In my opinion, Stored Procedures should be used solely for data manipulation when the same routine needs to be used amongst several different application or for ETL between databases or tables, nothing more. Basically, do as much in code as you can until you run into the DRY principle or what you are doing is simply moving data from one place to another within the DB.
Views can be used to provide an alternate or simplified "view" into the data. As such, I would go with a view as you are not really manipulating the data as much as finding a different method of displaying it.
Not sure if it's an either/or choice.

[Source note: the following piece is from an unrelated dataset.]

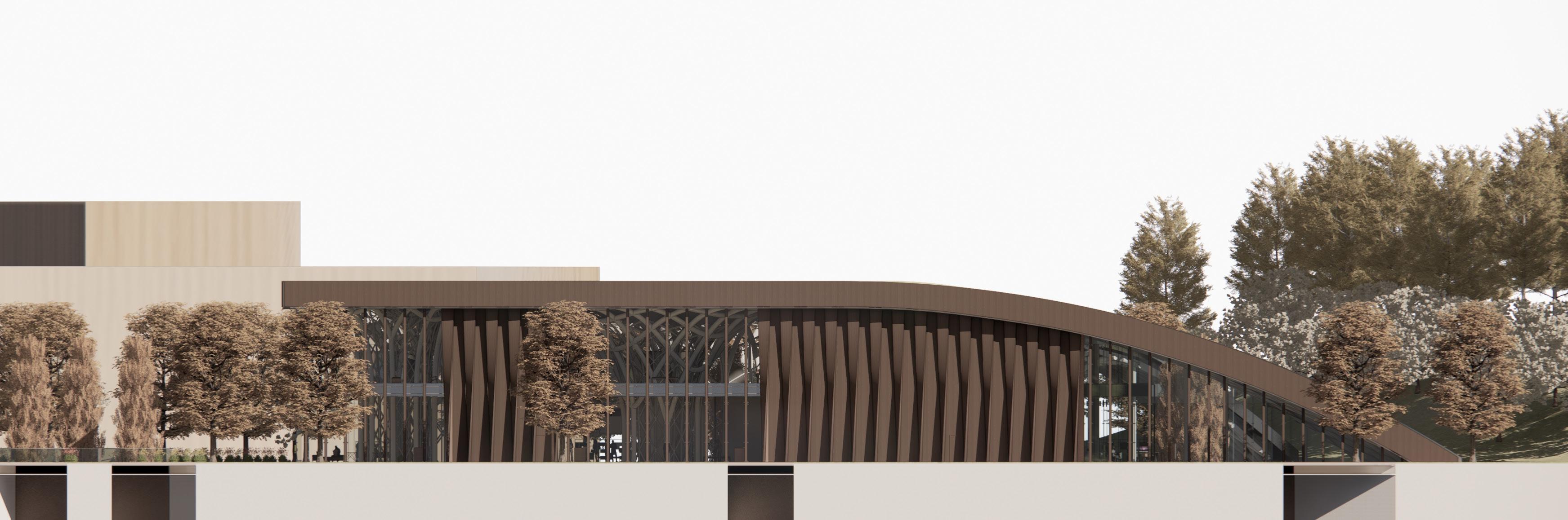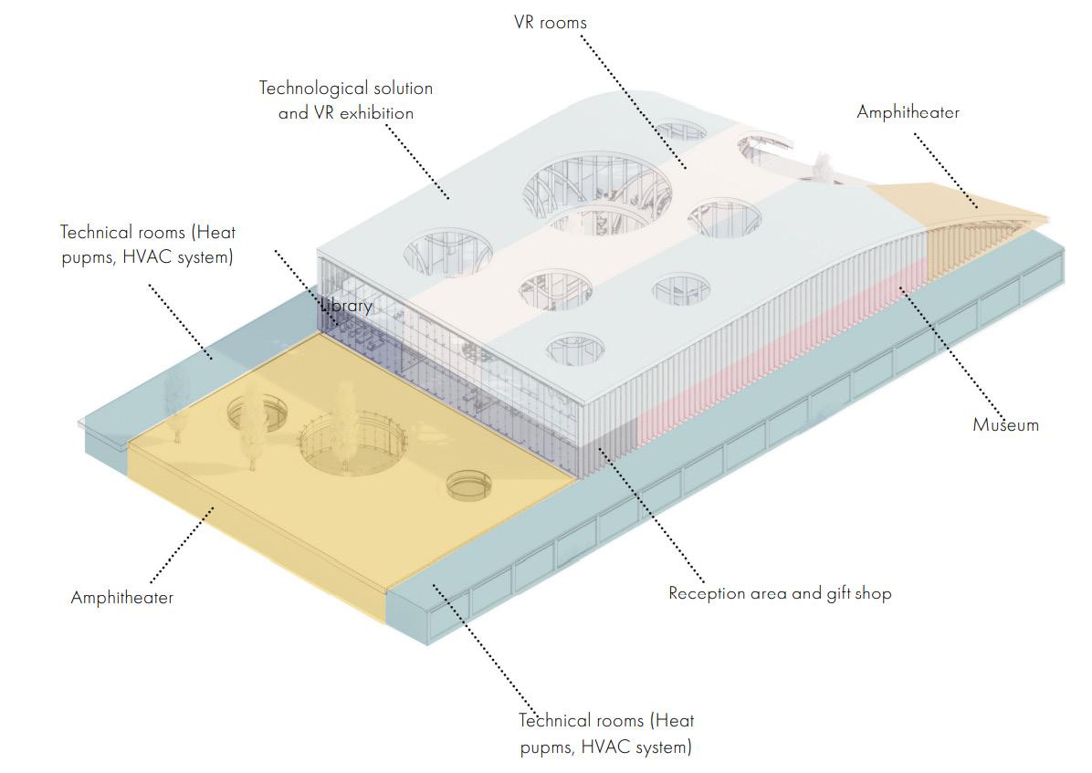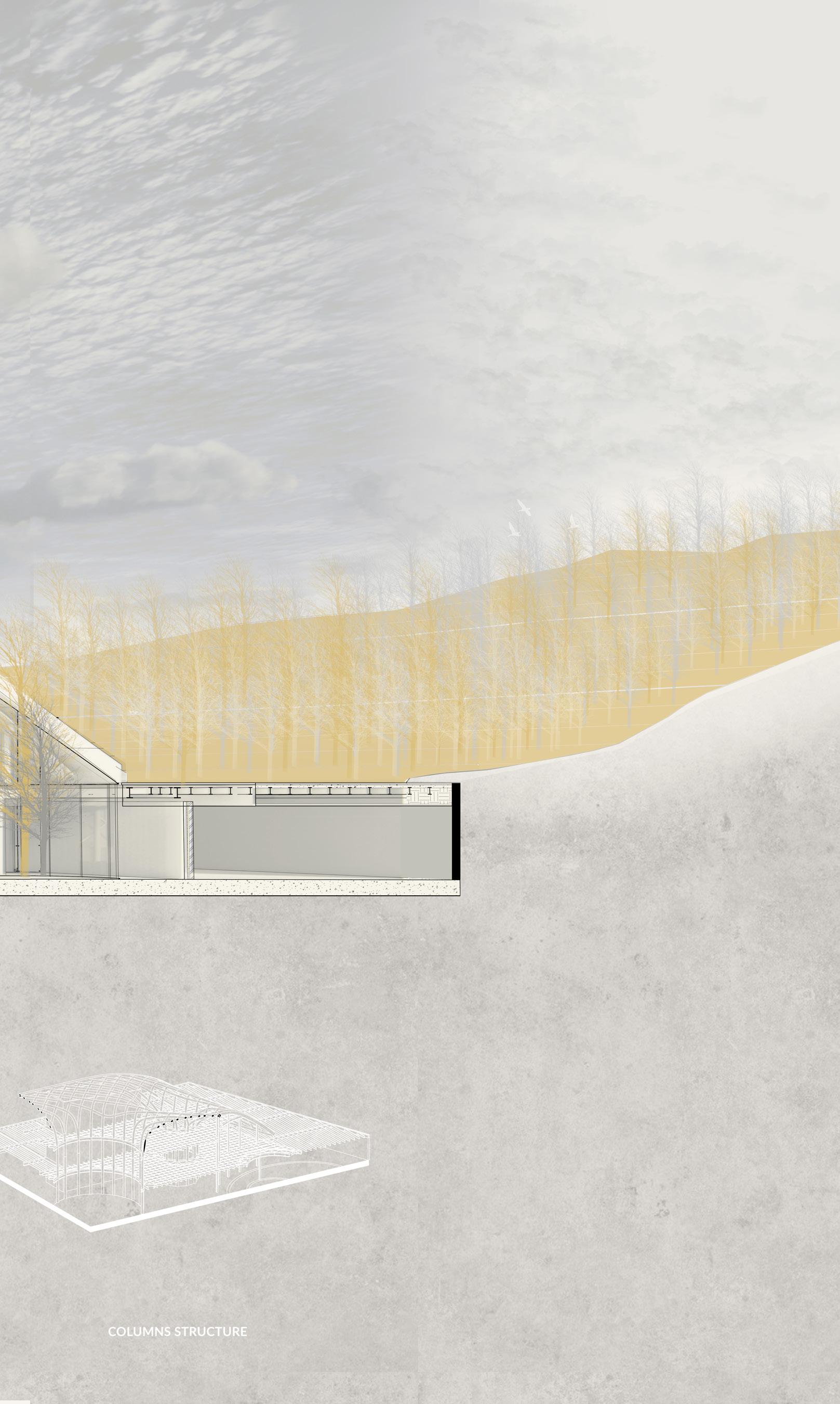 and the hill it is facing, the east façade is designed as a glazed elliptic opening, revealing the view of the hill from the east. The Opposite view, from the hill itself, Reveals instead a set of tree-like columns, supporting a curved green roof, ideal continuation of the park.

Stored procedures can do a wide variety of things that views would struggle (think populating data in temp table then running cursor on it and then doing aggregation and returning a result set).
Views on the other hand can hide complex sql / access rights and present a modified view of the schema.
I think both have a place in the scheme of things and both are useful for a successful schema implementation.
I use views for de-normalisation or output formatting and stored procedures for filtering and data manipulation (things that require parameter inputs) or iteration (cursors).
I often access a view inside a stored procedure when both de-normalisation and filtering are required.
One thing to note, at least with mysql view results are stored in a temporary table and unlike most decent database engines this table is not indexed, so if using to just simplify queries, view are great when your program is going to grab all of the results from the view, however if your then searching the results of that view, based on parameters it is incredibly slow especially if there are millions of records to sift through and even worse if the view is built on top of other views and so on.
A stored procedure however you can pass those search parameters in and run the query directly against the underlining (indexed) tables. the downside is the results will need to be fetched every time the procedure is run, which may also occur with a view anyway depending on server configuration.
so basically if your using a view try to minimise the number of results (if you then need to search it) else use a stored procedure.